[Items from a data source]

######

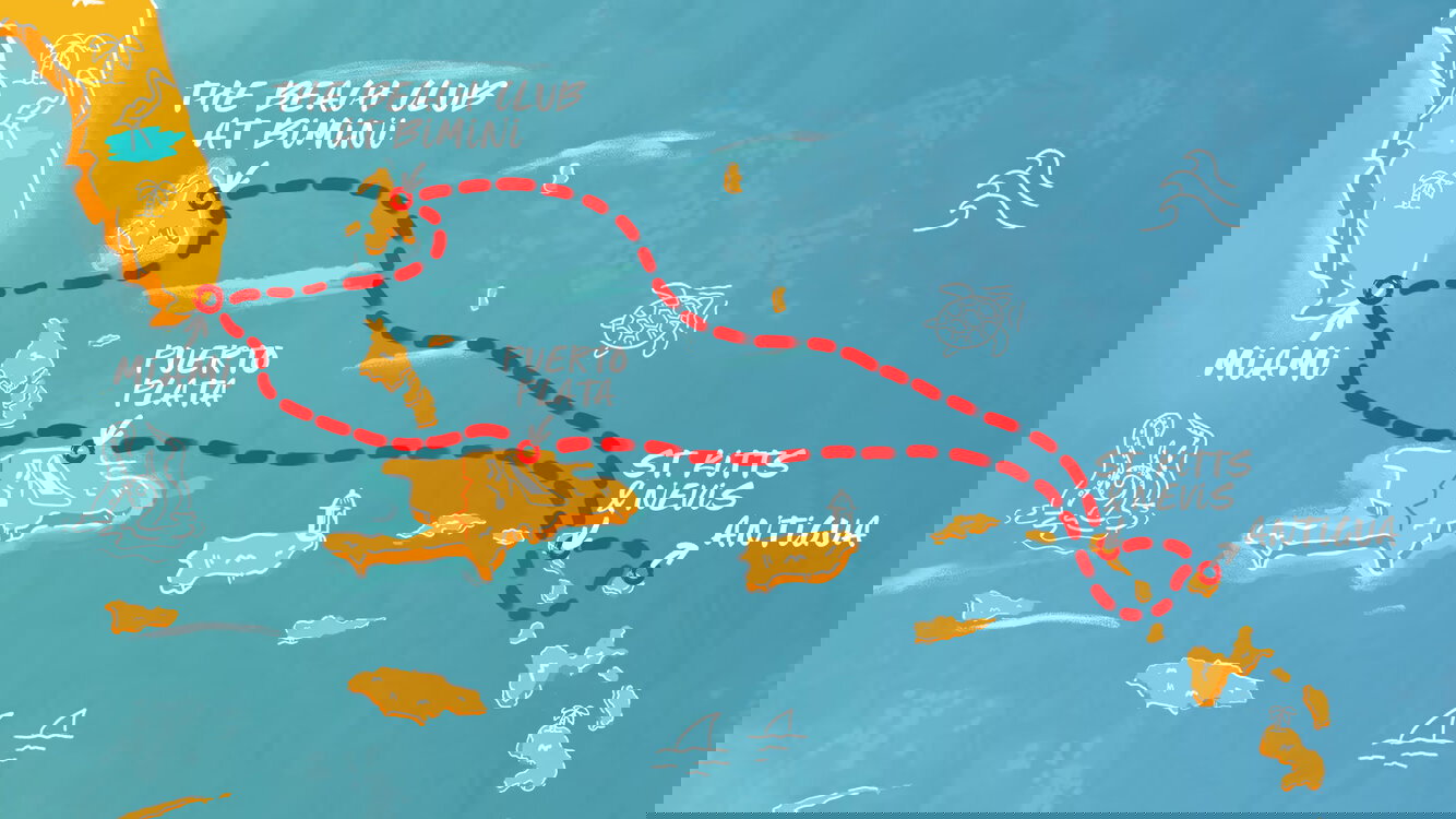 The Beach Club at Bimini is a private destination exclusive to Virgin Voyages guests. Located in the Bahamas, Bimini Island is known for its long white sand beaches and crystal clear water.
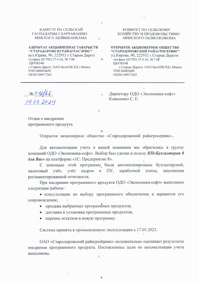 Открытое акционерное общество «Стародорожский райагросервис». Для автоматизации учета в нашей компании мы обратились в группу компаний ОДО «Экономика-софт». Выбор был сделан в пользу КП«Бухгалтерия 8 для Вас» на платформе «1С: Предприятие 8». С помощью этой программы были автоматизированы бухгалтерский, налоговый учёт, учёт кадров и ПУ, заработной платы, заполнения регламентированной отчетности. При внедрении программного продукта ОДО «Экономика-софт» выполнило следующие работы : консультации по выбору программного обеспечения и вариантов его сопровождения; продажа выбранных программных продуктов; доставка и установка программных продуктов; перенос остатков в новую программу. Система принята в промышленную эксплуатацию с 17.05.2023. ОАО «Стародорожский райагросервис» положительно оценивает результаты внедрения программного продукта. Поставленные цели по автоматизации учета выполнены. В настоящее время ОДО «Экономика-софт» осуществляет эксплуатацию и сопровождение программных продуктов в полном объеме.
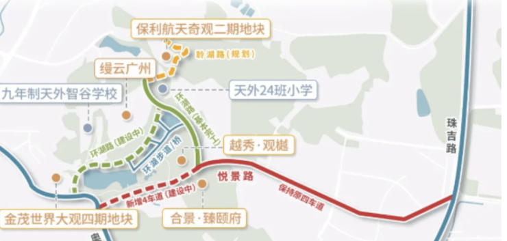 金茂越秀璞樾墅位于天河智谷片区,周边生态与城市资源兼备,是未来发展潜力巨大的片区。项目毗邻约243万平方米原生山林和5.3万平方米日月双湖,生态环境宜居,负氧离子浓度高,生活环境兼具舒适与健康。片区交通网络逐步完善,奥体路已通车,悦景路待开通,同时项目配有内部公交总站直达21号线大观路站,可便捷通达天河核心及珠江新城,满足日常通勤与高端生活需求。周边规划合理,片区内未来还将形成高端湖居商业体系,吸引优质生活资源进驻。天河区金茂越秀|璞樾·墅 售楼处24小时电话400-6557-087 (售楼部认证),预约专属顾问一对一服务,尊享内部折扣。
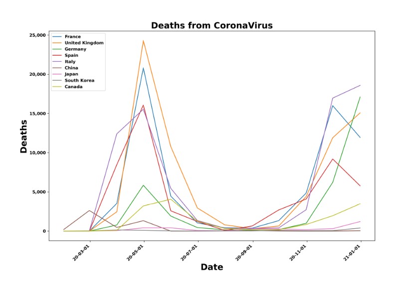 The figure below shows the total number of deaths per month in 2020 for some countries in Western Europe, Asia and North America:
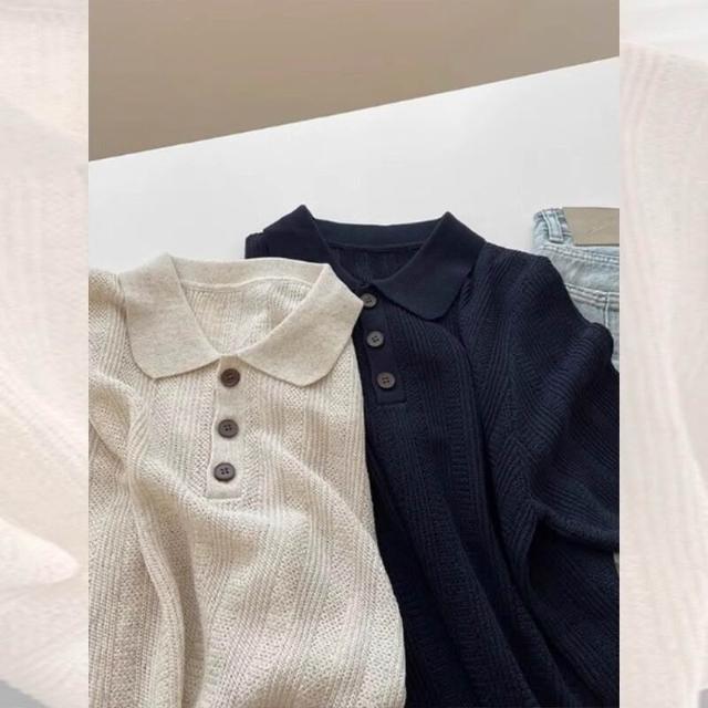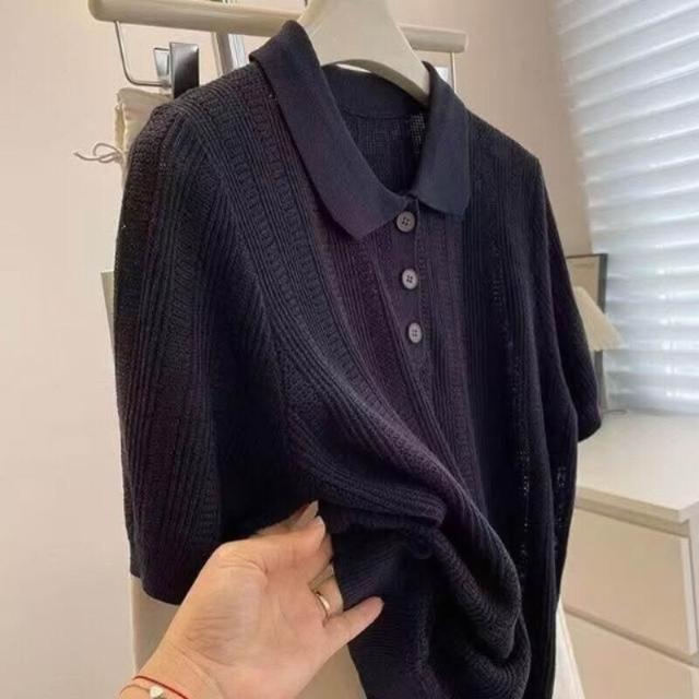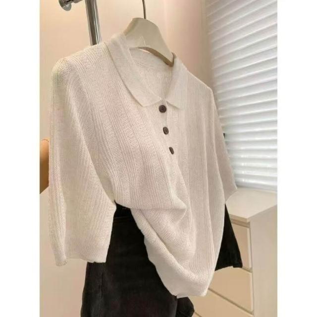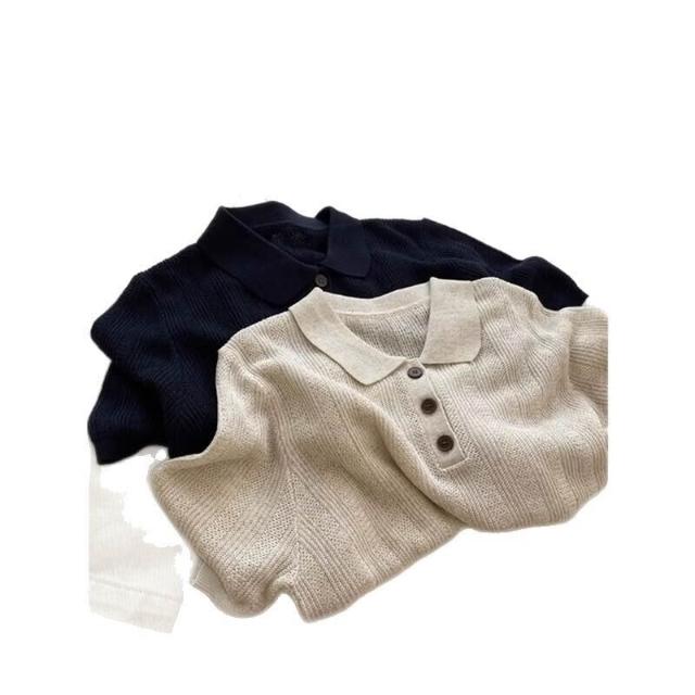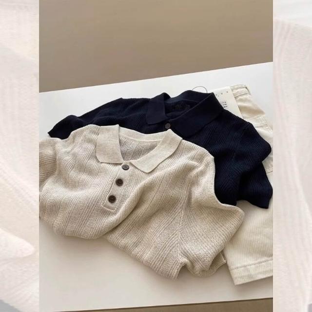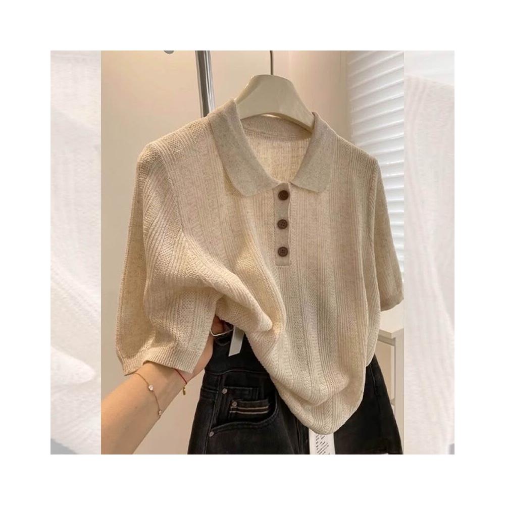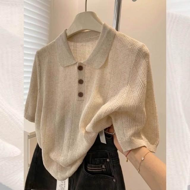 輕簡 高級感燕麥色Polo領正肩針織冰絲短袖t恤女夏寬松單穿好看的上衣 57e 2c0
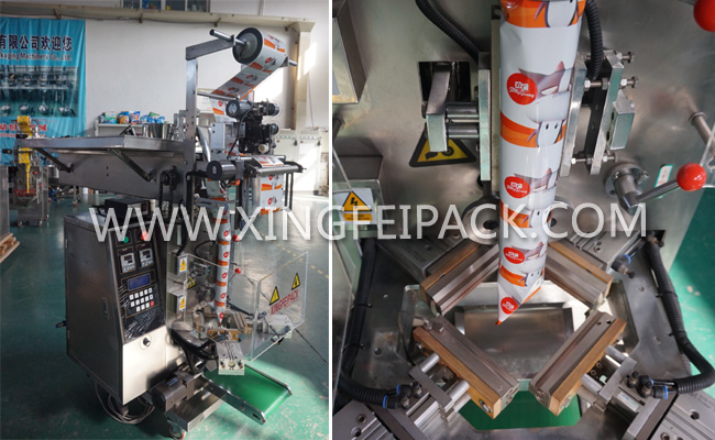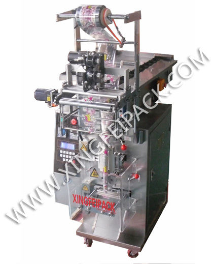 自動鏈斗式包裝機可自動完成計量、填充、封口、打印(需另配打碼機)等周期作業(yè);集光電跟蹤、無級調(diào)速等功能于一體;封口形式為背封;
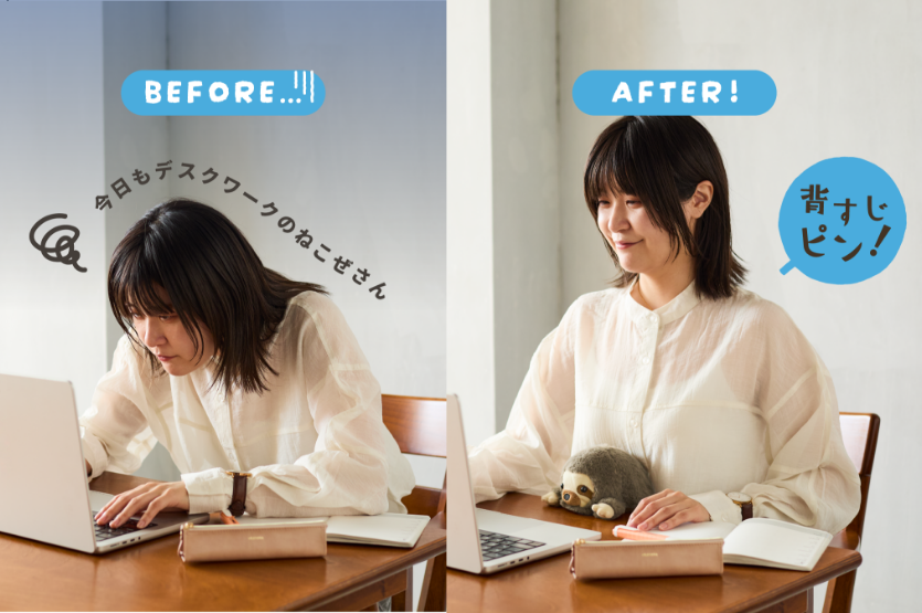 「ふんばるず」を落とさないよう、机とおなかの間にしっかり挟み込むため、自然と背筋が伸び、良い姿勢に。つい“猫背”になってしまうあなたも、シャキッとした背筋に早変わり。2026年も仕事や勉強を頑張る“猫背”なあなたをサポートしてくれます。

######

Print, exactly and only, the lines running from the line with "自動鏈斗式包裝機可自動完成計" through the last line of the data, including both. Skip any picture.

_WRITTEN SOLUTION_:
 自動鏈斗式包裝機可自動完成計量、填充、封口、打印(需另配打碼機)等周期作業(yè);集光電跟蹤、無級調(diào)速等功能于一體;封口形式為背封;
 「ふんばるず」を落とさないよう、机とおなかの間にしっかり挟み込むため、自然と背筋が伸び、良い姿勢に。つい“猫背”になってしまうあなたも、シャキッとした背筋に早変わり。2026年も仕事や勉強を頑張る“猫背”なあなたをサポートしてくれます。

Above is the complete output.